Dumulin secondo a 21''. Terzo tempo per Aru e Porte a 33''. 

VINCE, VINCE CHRIS FROOME. GRAN FINALE DI TRAPPA, 30'43'' MERAVIGLIOSO IN QUESTO FINALE DI TAPPA. DA APPLAUSI.

17.30 - Froome al traguardo.

E ora manca solo Froome che viaggia verso il successo di tappa.

Mollema ripete il tempo di Yates, qualcosa meglio.

MOLLEMA AL TRAGUARDO.

FROOME E' PRIMO! PRIMO POSTO AL TERZO INTERMEDIO CON 13 SECONDI SU DUMOULIN

17.26 - 17^ Mollema al T3. Paga 1'04''.

17.27 - Perde molto nel finale la maglia bianca. 13^ a 1'02''.

17.25 - Yates all'arrivo.

17.24 - Ora va forte Froome, va forte.

17.22 - Paga ancora. 31'53''. Aru gli guadagna 38''.

QUINTANA ALL'ARRIVO.

17.22 - QUINTANA PAGA 1'00'' AL T3.

17.21 - FROOME RECUPERA AL SECONDO INTERMEDIO. SOLO 8'' IL SUO RITARDO.

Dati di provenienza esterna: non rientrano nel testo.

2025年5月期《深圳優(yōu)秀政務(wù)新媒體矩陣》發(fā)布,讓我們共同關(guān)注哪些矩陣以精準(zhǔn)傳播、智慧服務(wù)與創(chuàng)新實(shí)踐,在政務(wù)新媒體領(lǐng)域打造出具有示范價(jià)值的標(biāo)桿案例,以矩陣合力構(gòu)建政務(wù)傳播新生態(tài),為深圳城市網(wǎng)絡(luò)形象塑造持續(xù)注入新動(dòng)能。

17.20 - Quarto Bardet che perde 21'' da Dumoulin.

17.18 - Bardet resta a 30'' al T3.

Richie Porte è terzo. Aru gli soffia il secondo posto per un solo secondo. Gran prova di Aru. ribadiamo.

PORTE AL TRAGUARDO. 

PORTE SECONDO AL T3. SOLO 9'' DI RITARDO.

FROOME E' SOLO 5^ AL PRIMO INTERMEDIO. PAGA 23'' DA PORTE CHE HA IL MIGLIOR TEMPO AL T1.

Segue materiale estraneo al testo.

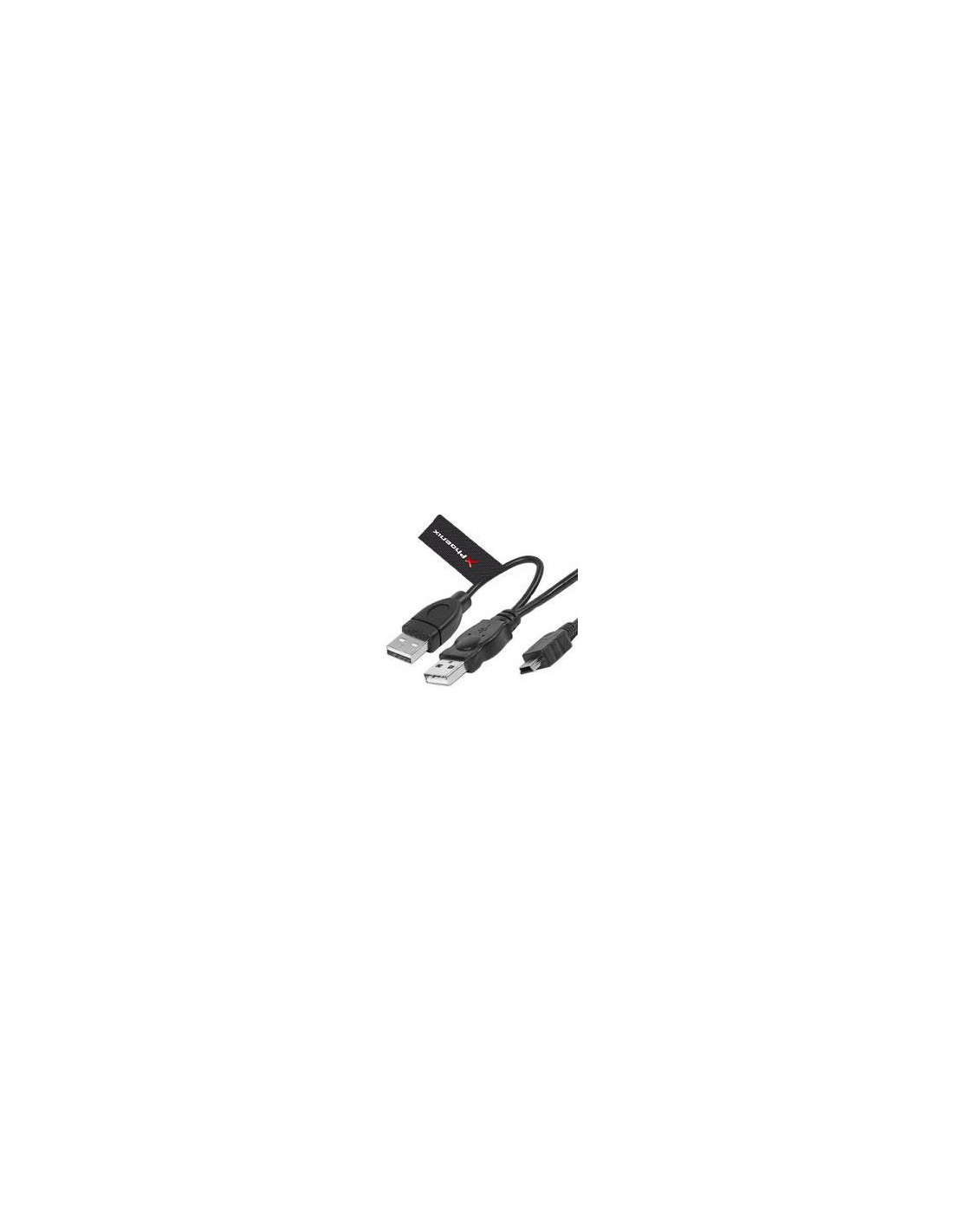 Phoenix Technologies 1.5m 2 x USB/Mini USB. Longitud de cable: 1,5 m. Conector 1: Mini-USB B, Conector 2: 2 x USB, Versión USB: USB 2.0, Género del conector: Macho/Macho, Tasa de transferencia (máx): 0,48 Gbit/s, Color del producto: Negro

17.14 - Arriva Valverde con 56'' di ritardo da Dumoulin. Non una super prova.

Yates 40'' dietro Dumoulin al T2. Guadagna 22'' su Quintana

15^ Mollema al T1. Paga 35'' da Porte.

17.11 - Quintana paga 1' al secondo intermedio.

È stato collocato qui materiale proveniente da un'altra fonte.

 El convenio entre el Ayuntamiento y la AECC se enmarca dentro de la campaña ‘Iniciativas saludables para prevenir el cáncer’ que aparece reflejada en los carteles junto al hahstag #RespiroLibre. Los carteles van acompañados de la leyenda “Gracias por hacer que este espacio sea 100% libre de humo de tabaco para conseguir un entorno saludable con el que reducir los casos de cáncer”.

17.10 - GRAN TEMPO PER ARU, SECONDO CON 12 SECONDI DI RITARDO DA DUMOULIN. GRANDE ARU, GRANDE FABIO ARU!

ARU ALL'ARRIVO.

YATES E' TERZO AL PRIMO INTERMEDIO. 10'' DA PORTE, SOLO 1'' DA DUMOULIN.

17.08 - Non una grande prova per Martin che paga più di un minuto a Dumoulin.

Anche Valverde non benissimo al T2.

Quarto Bardet al secondo intermedio.

OTTIMO ARU! SECONDO ANCHE AL T3. SOLO 16'' DA DUMOULIN

17.06 - PERDE RISPETTO AI PRIMI NAIRO QUINTANA. ADDIRITTURA 25 IL COLOMBIANO AL PRIMO INTERMEDIO. PERDE 47''.

17.06 - Quinto Meintjes che recupera molto nel finale! Grande prova per il sudafricano.

17.05 - PAGA AL SECONDO INTERMEDIO PORTE. DUMOULIN TORNA DAVANTI DI 8'' SECONDI.

17.03 - Paga 2' Reichenbach al traguardo. 1' Meintjes al T3.

17.02 - Sesto al traguardo Kreuziger.

MIGLIOR TEMPO PER RICHIE PORTE AL PRIMO INTERMEDIO! 10'' MEGLIO DI DUMOULIN

17.00 - PARTE ANCHE FROOME. SONO PARTITI TUTTI I CORRIDORI.

16.59 - QUARTO AL TRAGUARDO PURITO RODRIGUEZ! GRAN TEMPO PER PURITO CHE SI PIAZZA IN QUARTA POSIZIONE.

16.58 - ARU AL SECONDO INTERMEDIO! STA ANDANDO FORTE, MOLTO FORTE! E' SECONDO CON 23'' DA DUMOULIN.

16.57 - Al via anche Mollema. Ora manca solo Froome poi saranno tutti in gara.

16.56 - Valverde al primo rilevamento: 5^ tempo per lui, 2 secondi peggio di Aru.

16.54 - Kreuziger perde 1'01'' da Dumoulin al T2.

16.53 - Parte anche Adam Yates, terzo della generale.

16.53 - QUARTO TEMPO PER FABIO ARU AL PRIMO INTERMEDIO. 16 SECONDI DI RITARDO DA DUMOULIN.

16.52 - Crono controllata per Thomas.

16.51 - Nono tempo per Daniel Martin al primo intermedio. +26''

16.51 - Non benissimo Meintjes, 20^ al primo T.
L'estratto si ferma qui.